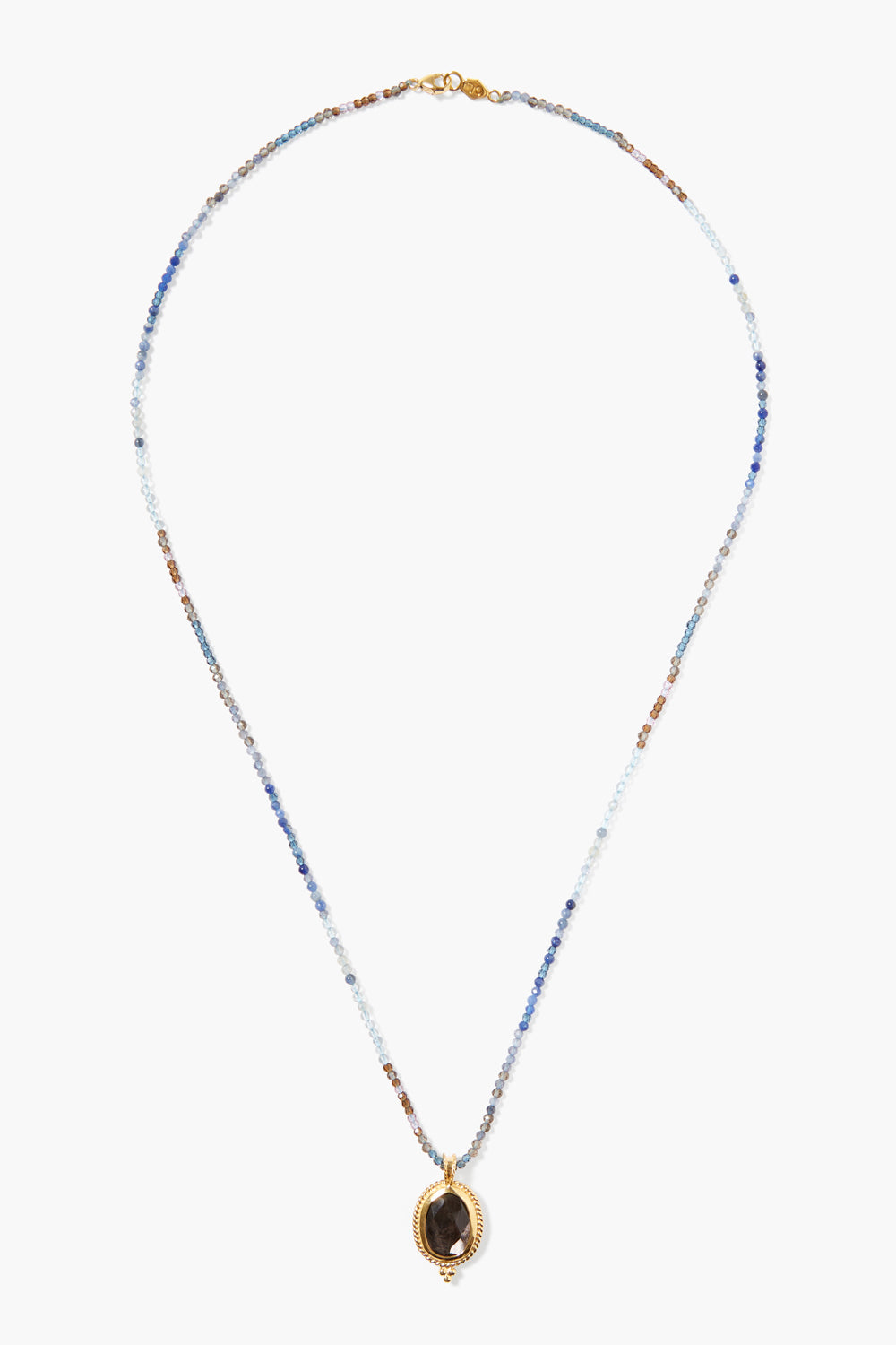 - Blue Mix - 18k gold plated sterling silver, iolite, lapis, sodalite, blue topaz, labradorite, hypersthene, crystals.
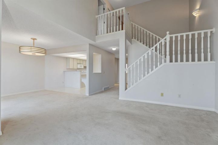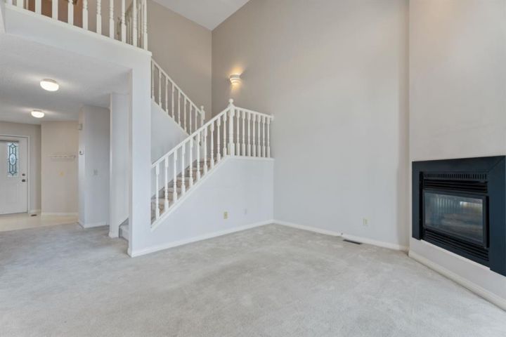 The main floor features a large kitchen with plenty of storage, opening to a spacious dining area and a large living room with a stunning vaulted ceiling that soars up to the second floor. A cozy gas fireplace and upgraded triple-paned windows on the main and upper levels fill the space with natural light while enhancing comfort and efficiency. Step onto your private balcony and enjoy the peaceful setting — this home backs directly onto a park and the community pathway system, providing privacy and a connection to the outdoors.
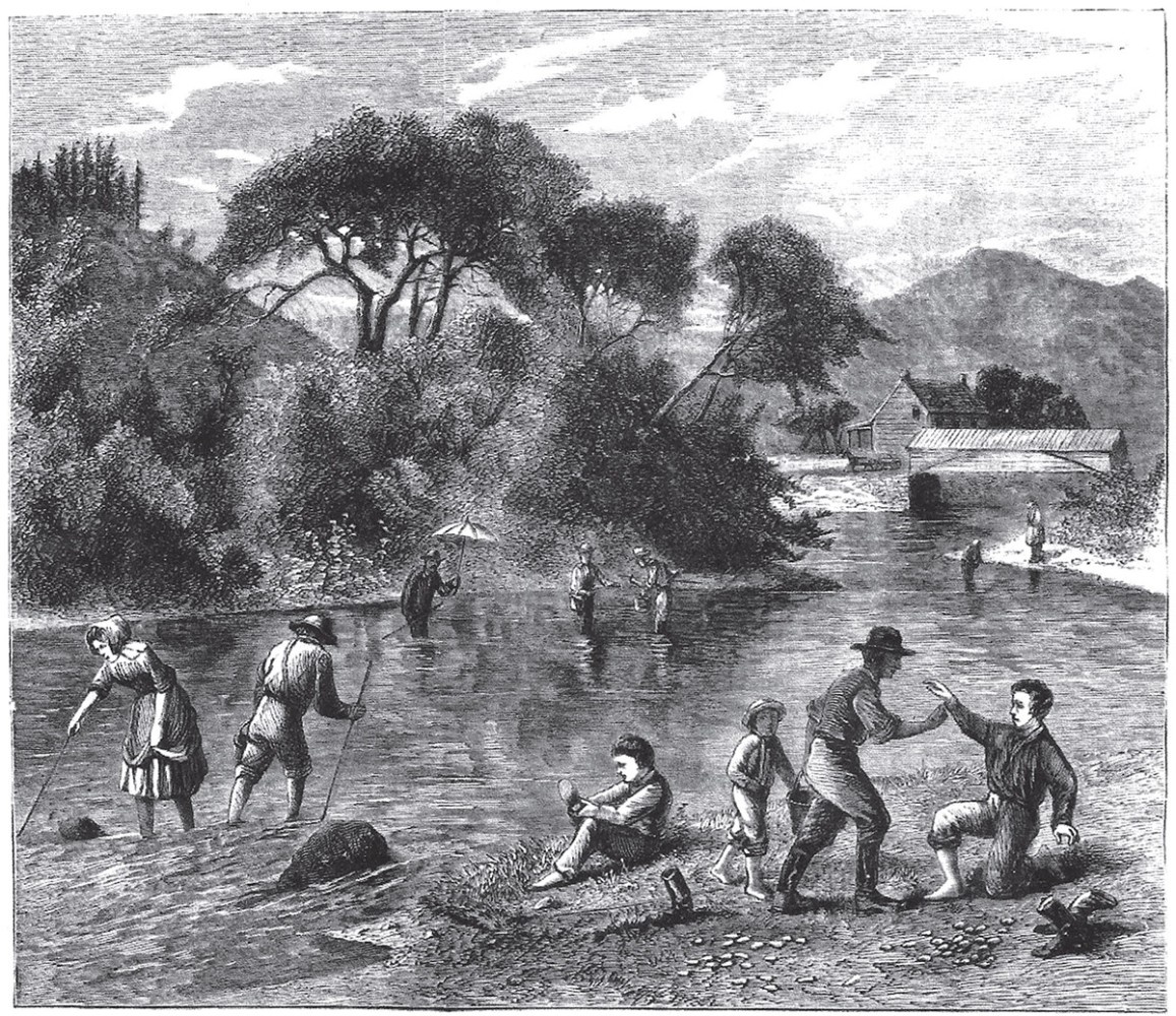 As word of the discovery spread, fortune-seekers took to rivers throughout the eastern half of the country to exploit the bounty that was teeming in their waterways. Many, like nineteenth century outdoor writer Sara Muller, waded in rubber boots in late summer or early fall, when the water was low.
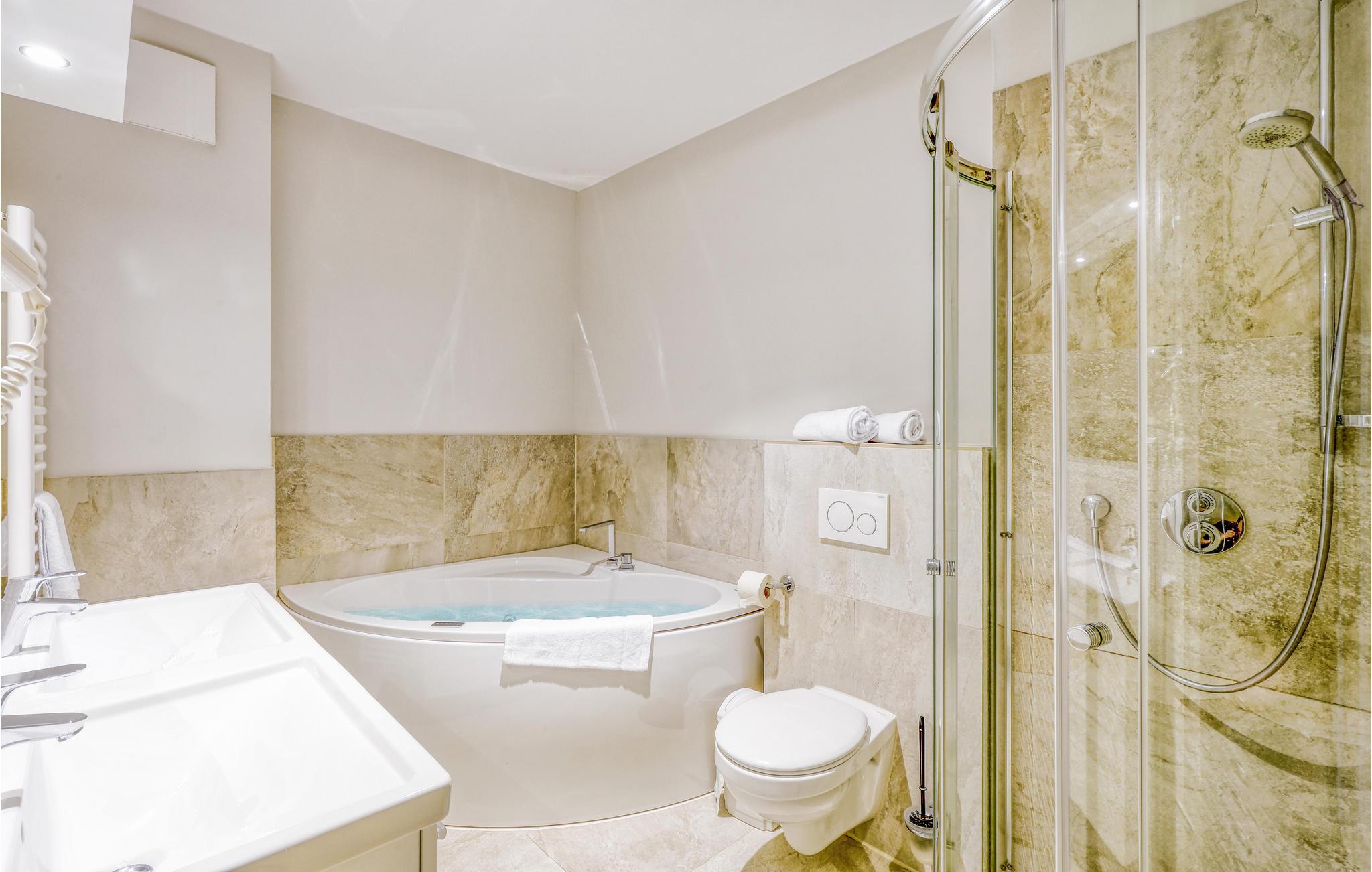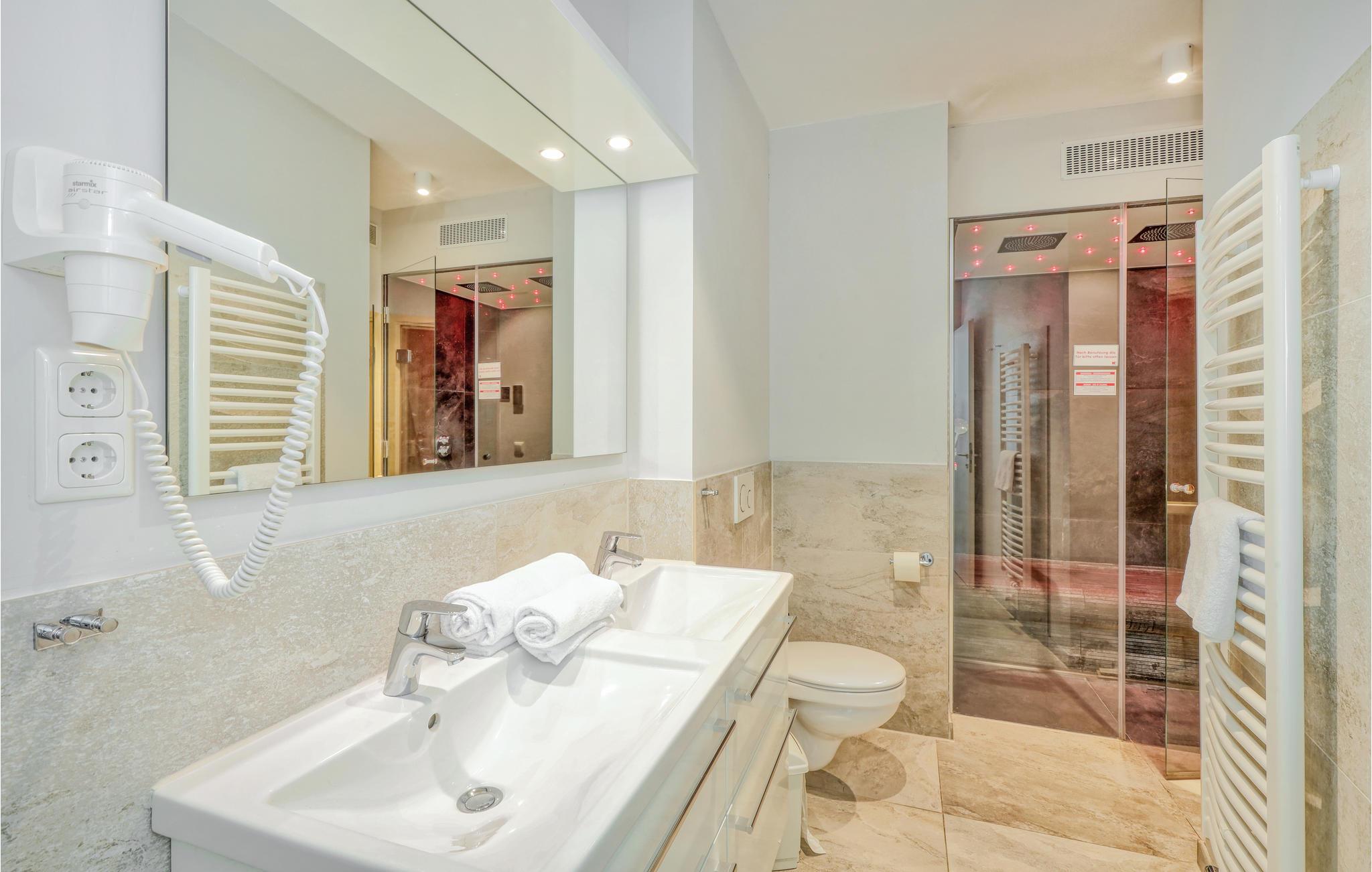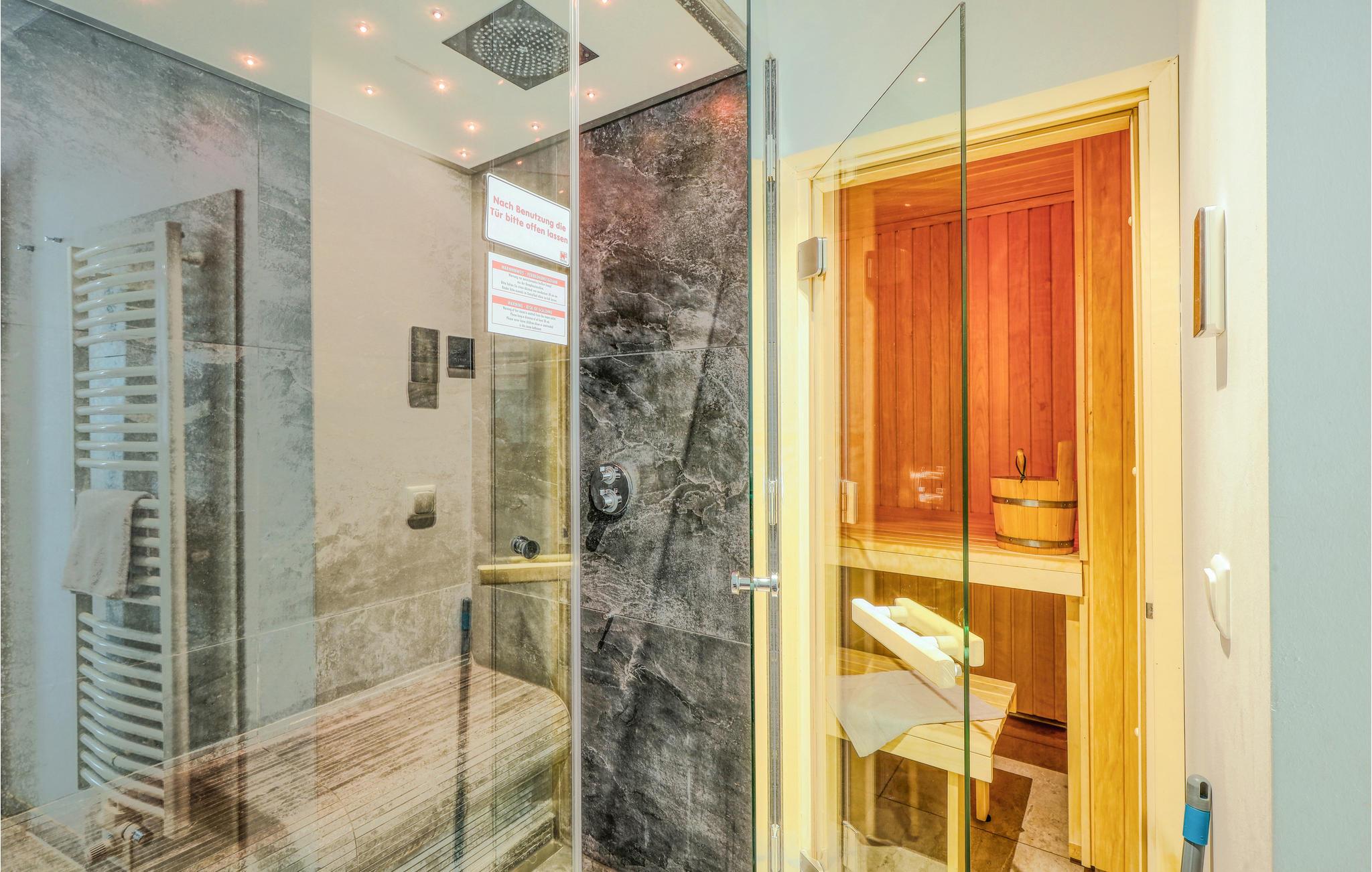 I det ene badeværelse er der en dobbelt regnvejrsbruser, dampbad og whirlpool. I det andet soveværelser er der sauna.

**Activity:** From the first line to the last, output the data exactly; skip any pictures.

**Output for this exercise:**
 - Blue Mix - 18k gold plated sterling silver, iolite, lapis, sodalite, blue topaz, labradorite, hypersthene, crystals.
 The main floor features a large kitchen with plenty of storage, opening to a spacious dining area and a large living room with a stunning vaulted ceiling that soars up to the second floor. A cozy gas fireplace and upgraded triple-paned windows on the main and upper levels fill the space with natural light while enhancing comfort and efficiency. Step onto your private balcony and enjoy the peaceful setting — this home backs directly onto a park and the community pathway system, providing privacy and a connection to the outdoors.
 As word of the discovery spread, fortune-seekers took to rivers throughout the eastern half of the country to exploit the bounty that was teeming in their waterways. Many, like nineteenth century outdoor writer Sara Muller, waded in rubber boots in late summer or early fall, when the water was low.
 I det ene badeværelse er der en dobbelt regnvejrsbruser, dampbad og whirlpool. I det andet soveværelser er der sauna.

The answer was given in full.